Because of the difficulties involved in the daily operation of
correctional facilities and because of their particular
expertise, prison officials must be accorded wide-ranging
deference and broad discretion in the adoption and execution of
policies and practices designed to protect and to further
institutional security. Bell v. Wolfish, supra, 441 U.S. at
547-548, 99 S.Ct. at 1878-79. In cases such as that at bar, the
Court must therefore defer to the expertise of the prison
administrators unless an abuse of the discretion afforded such
individuals has been demonstrated. No such showing has been made
in the instant case.
In light of plaintiff's background,*fn3 it is not unreasonable
for prison officials to be overly cautious in dealings with him.
Additionally, given that Ms.
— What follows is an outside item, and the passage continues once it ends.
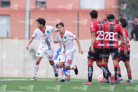 Guadalajara, Jalisco, 17 de enero de 2026. Jugadores de Chivas en festejo de gol, durante el partido correspondiente a la jornada 2 del torneo Clausura 2026 de la Liga BBVA MX categoría Sub17, entre los Rojinegros del Atlas y las Chivas Rayadas del Guadalajara, realizado en la Academia AGA. Foto: Imago7/

Davis was never totally cleared of
any wrongdoing relating to the escape incident, and indeed is
apparently still suspected of playing a role in the attempt, it
would be within the discretion of prison and correctional
officials to deem her a possible security risk.*fn4 Were this
Court to hold otherwise, it would only serve to undermine the
considerable authority necessarily accorded them. Clearly, this
Court is in no position to second-guess the officials'
conclusions regarding necessary security measures garnered from
firsthand observation of the circumstances.
That Ms. Davis was never conclusively found to be guilty of the
conduct alleged does not negate the prison officials'
determination. Security measures must only be a reasonable
response to the legitimate concerns of prison officials and need
not meet the test of any stricter scrutiny.
Bell v. Wolfish, supra; Inmates of Allegheny County Jail v.
Pierce, 612 F.2d 754, 759 (3rd Cir. 1979). No proof beyond a
reasonable doubt is therefore required before a stop-order can
issue. Given the circumstances of the case, the actions taken by
the officials in issuing the stop-order were clearly reasonable
and hence, proper.
In light of the foregoing, it is clear that plaintiff's
complaint, viewed in the light most favoring the plaintiff,
nevertheless fails to state a claim upon which relief can be
granted under 42 U.S.C. § 1983. The defendants' Motion to Dismiss
is therefore granted and the complaint is ordered dismissed.